Weder regelmäßige Leser hier noch mich wird es wundern, dass es bisher weder eine Antwort noch eine Eingangsbestätigung gegeben hat.

Das daher nur der Vollständigkeit halber ....


----------



## Riesenangler (24. März 2015)

*AW: Offener Brief an Frau Dr. Happach-Kasan und die Mitgliedsverbände des DAFV*

Ähm. Du erwartest doch nicht ernsthaft eine Antwort? Oder etwa doch?


----------



## kati48268 (24. März 2015)

*AW: Offener Brief an Frau Dr. Happach-Kasan und die Mitgliedsverbände des DAFV*

Ich bin ja nach wie vor der Meinung, Frau Dr. meinte dieses Anglerforum:
http://www.anglerforum-sh.de/forum.php
- es ist ein 'spezielles' Forum
- die Darstellung der Verbandsarbeit ist fehlerhaft
- Korrekturen sind nicht möglich, weil
- entsprechende Beiträge gelöscht werden.
Alle Kriterien treffen zu.

Was ich mich viel mehr frage, wie sie zu der Erkenntnis kommt (Schreiben an die LVs v. 20.3.), _"Das Präsidium stellt sich der Kritik von innen und auch von außen"_.
Ja, wo denn, wann denn,... jemals?  #c


Eine Antwort wird -wie immer- nicht kommen, Thomas.
Erlaubt ist Hofberichterstattung, alles anderes ist verlogen, hetzerisch & pöse.
Transparenz, Basisarbeit, Reflektion des eigenen (Nicht-)Handelns,... unverständliche Fremdworte.
So war es immer, so soll es immer bleiben.
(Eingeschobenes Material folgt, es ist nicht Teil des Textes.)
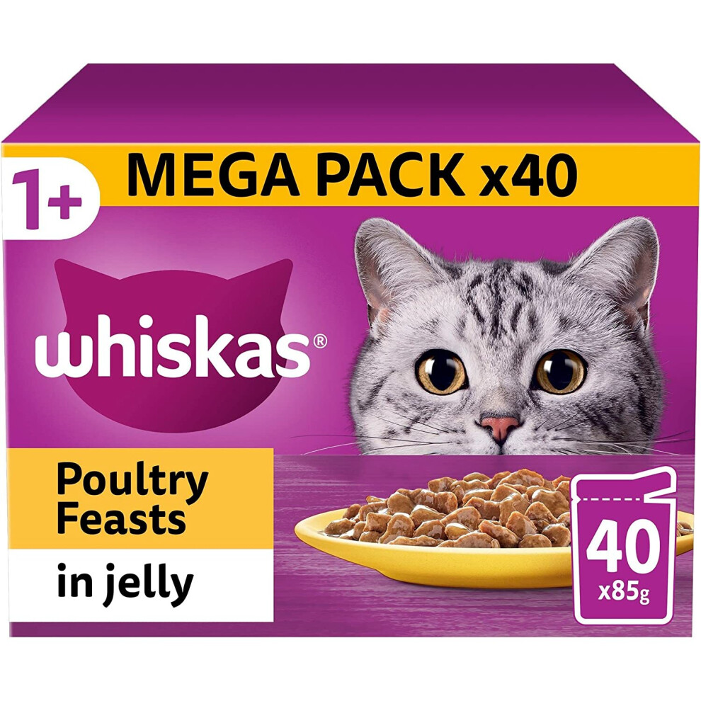 Whiskas 1+ Adult Poultry Selection in Jelly 40 Pouches Adult Wet Cat Food Megapack 40 x 85 g
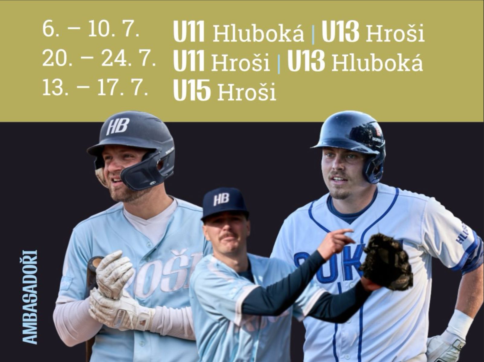 Letní sportovní kemp s baseballovým turnajem a přespáním ve stanech pro kategorie U11, U13 a U15. Týden plný baseballu, her, letní atmosféry a týmových zážitků ve sportovních areálech Hroši Brno a Hluboká nad Vltavou. Každý tým odehraje 5 zápasů, děti čeká pestrý sportovní program a finálový turnaj.

Aber wer zu spät kommt, den bestraft...


----------



## Thomas9904 (24. März 2015)

*AW: Offener Brief an Frau Dr. Happach-Kasan und die Mitgliedsverbände des DAFV*



Riesenangler schrieb:


> Ähm. Du erwartest doch nicht ernsthaft eine Antwort? Oder etwa doch?


doch, natürlich.....

:g:g:g


----------



## labralehn (24. März 2015)

*AW: Offener Brief an Frau Dr. Happach-Kasan und die Mitgliedsverbände des DAFV*

Thomas versuch es mal am 21. Dezember, da ist der Thomastag. 

Wenn die da oben in dem Verein, aber nach dem Römischen Generalkalender hantieren, wird der Gedenktag des (hl.) Thomas am 3. Juli begangen.







Hm, nach der Geschichte zu folgern, ist der 3. Juli kein guter Tag





> 1778: Preußen erklärt nach vorausgegangenen diplomatischen Scharmützeln Österreich den Krieg. Der folgende Bayerische Erbfolgekrieg bringt nur wenige Gefechte um die Truppenversorgung, die ihm die Beinamen *Kartoffelkrieg und Zwetschgenrummel *eintragen.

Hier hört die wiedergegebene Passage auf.